▶ _Instructions to follow_: None of the images should appear in your copy. Transcribe the data in full.

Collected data
# # # #

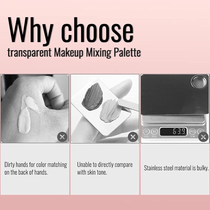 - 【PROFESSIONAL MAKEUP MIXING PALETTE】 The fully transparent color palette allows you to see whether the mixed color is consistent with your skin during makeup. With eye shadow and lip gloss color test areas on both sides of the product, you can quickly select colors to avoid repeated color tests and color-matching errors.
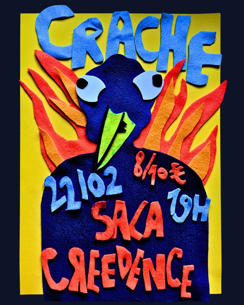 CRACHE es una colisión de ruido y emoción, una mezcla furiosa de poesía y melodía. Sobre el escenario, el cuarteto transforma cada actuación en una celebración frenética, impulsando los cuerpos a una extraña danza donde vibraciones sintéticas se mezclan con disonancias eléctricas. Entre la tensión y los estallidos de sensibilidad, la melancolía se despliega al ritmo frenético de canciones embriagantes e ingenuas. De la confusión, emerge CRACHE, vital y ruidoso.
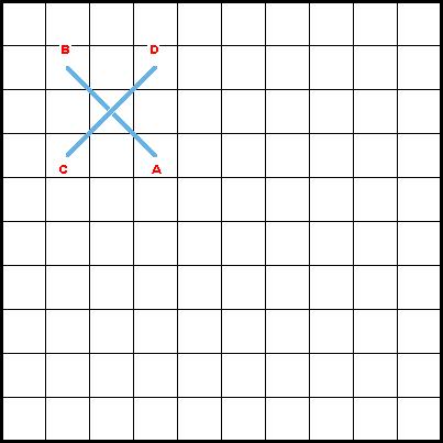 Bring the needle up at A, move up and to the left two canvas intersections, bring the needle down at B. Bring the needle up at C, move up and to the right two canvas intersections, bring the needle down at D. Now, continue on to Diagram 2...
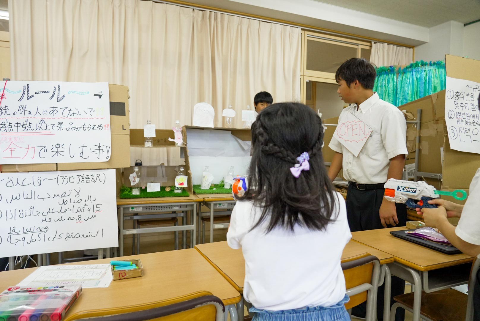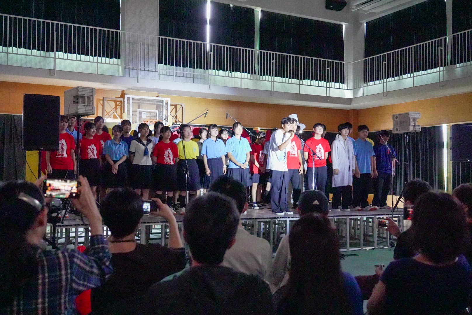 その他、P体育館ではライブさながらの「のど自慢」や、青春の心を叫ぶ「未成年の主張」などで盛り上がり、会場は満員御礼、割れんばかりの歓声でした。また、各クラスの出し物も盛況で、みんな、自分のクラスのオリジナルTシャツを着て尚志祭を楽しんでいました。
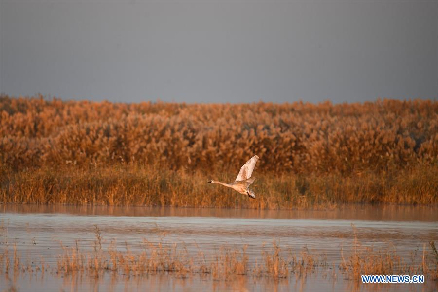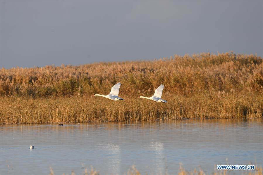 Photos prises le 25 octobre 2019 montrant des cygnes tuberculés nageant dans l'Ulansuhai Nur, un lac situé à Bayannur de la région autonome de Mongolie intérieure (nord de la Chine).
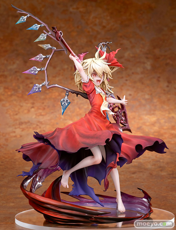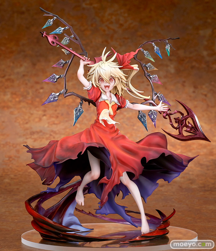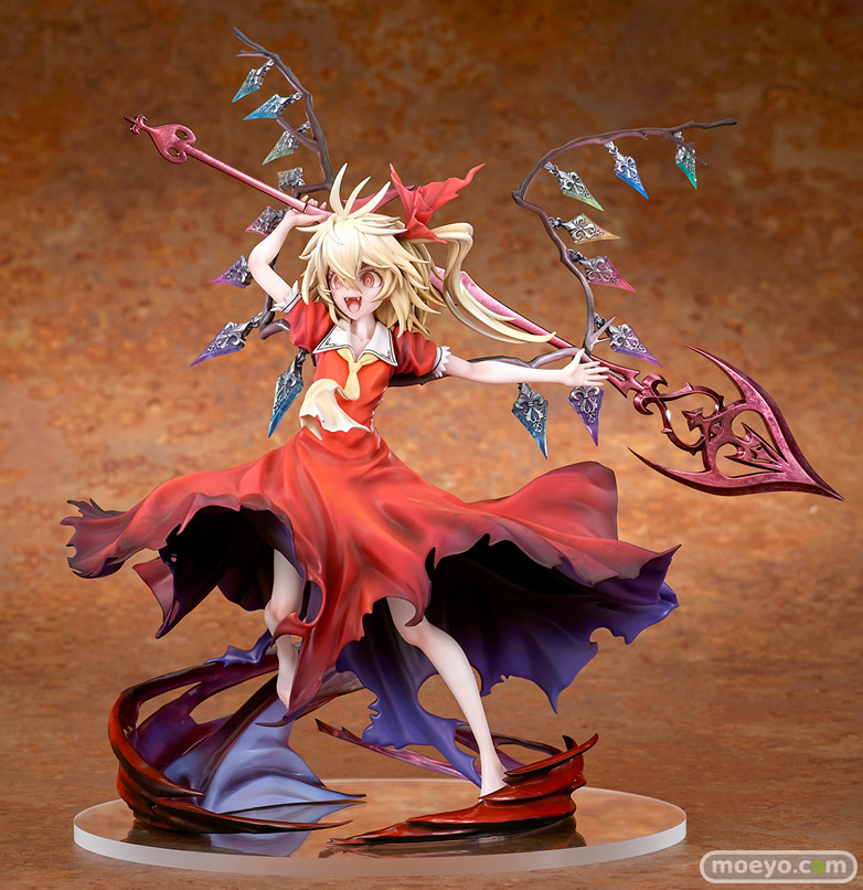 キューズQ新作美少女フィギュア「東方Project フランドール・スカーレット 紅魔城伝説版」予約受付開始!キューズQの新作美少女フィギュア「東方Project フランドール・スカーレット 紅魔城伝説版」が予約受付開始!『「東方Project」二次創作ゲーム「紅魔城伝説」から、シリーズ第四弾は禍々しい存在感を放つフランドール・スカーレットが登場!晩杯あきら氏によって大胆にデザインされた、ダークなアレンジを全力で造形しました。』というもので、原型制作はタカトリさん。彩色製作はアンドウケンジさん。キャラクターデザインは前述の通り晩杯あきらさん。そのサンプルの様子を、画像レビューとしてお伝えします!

# # # #

▶ _Exercise answer_:
 - 【PROFESSIONAL MAKEUP MIXING PALETTE】 The fully transparent color palette allows you to see whether the mixed color is consistent with your skin during makeup. With eye shadow and lip gloss color test areas on both sides of the product, you can quickly select colors to avoid repeated color tests and color-matching errors.
 CRACHE es una colisión de ruido y emoción, una mezcla furiosa de poesía y melodía. Sobre el escenario, el cuarteto transforma cada actuación en una celebración frenética, impulsando los cuerpos a una extraña danza donde vibraciones sintéticas se mezclan con disonancias eléctricas. Entre la tensión y los estallidos de sensibilidad, la melancolía se despliega al ritmo frenético de canciones embriagantes e ingenuas. De la confusión, emerge CRACHE, vital y ruidoso.
 Bring the needle up at A, move up and to the left two canvas intersections, bring the needle down at B. Bring the needle up at C, move up and to the right two canvas intersections, bring the needle down at D. Now, continue on to Diagram 2...
 その他、P体育館ではライブさながらの「のど自慢」や、青春の心を叫ぶ「未成年の主張」などで盛り上がり、会場は満員御礼、割れんばかりの歓声でした。また、各クラスの出し物も盛況で、みんな、自分のクラスのオリジナルTシャツを着て尚志祭を楽しんでいました。
 Photos prises le 25 octobre 2019 montrant des cygnes tuberculés nageant dans l'Ulansuhai Nur, un lac situé à Bayannur de la région autonome de Mongolie intérieure (nord de la Chine).
 キューズQ新作美少女フィギュア「東方Project フランドール・スカーレット 紅魔城伝説版」予約受付開始!キューズQの新作美少女フィギュア「東方Project フランドール・スカーレット 紅魔城伝説版」が予約受付開始!『「東方Project」二次創作ゲーム「紅魔城伝説」から、シリーズ第四弾は禍々しい存在感を放つフランドール・スカーレットが登場!晩杯あきら氏によって大胆にデザインされた、ダークなアレンジを全力で造形しました。』というもので、原型制作はタカトリさん。彩色製作はアンドウケンジさん。キャラクターデザインは前述の通り晩杯あきらさん。そのサンプルの様子を、画像レビューとしてお伝えします!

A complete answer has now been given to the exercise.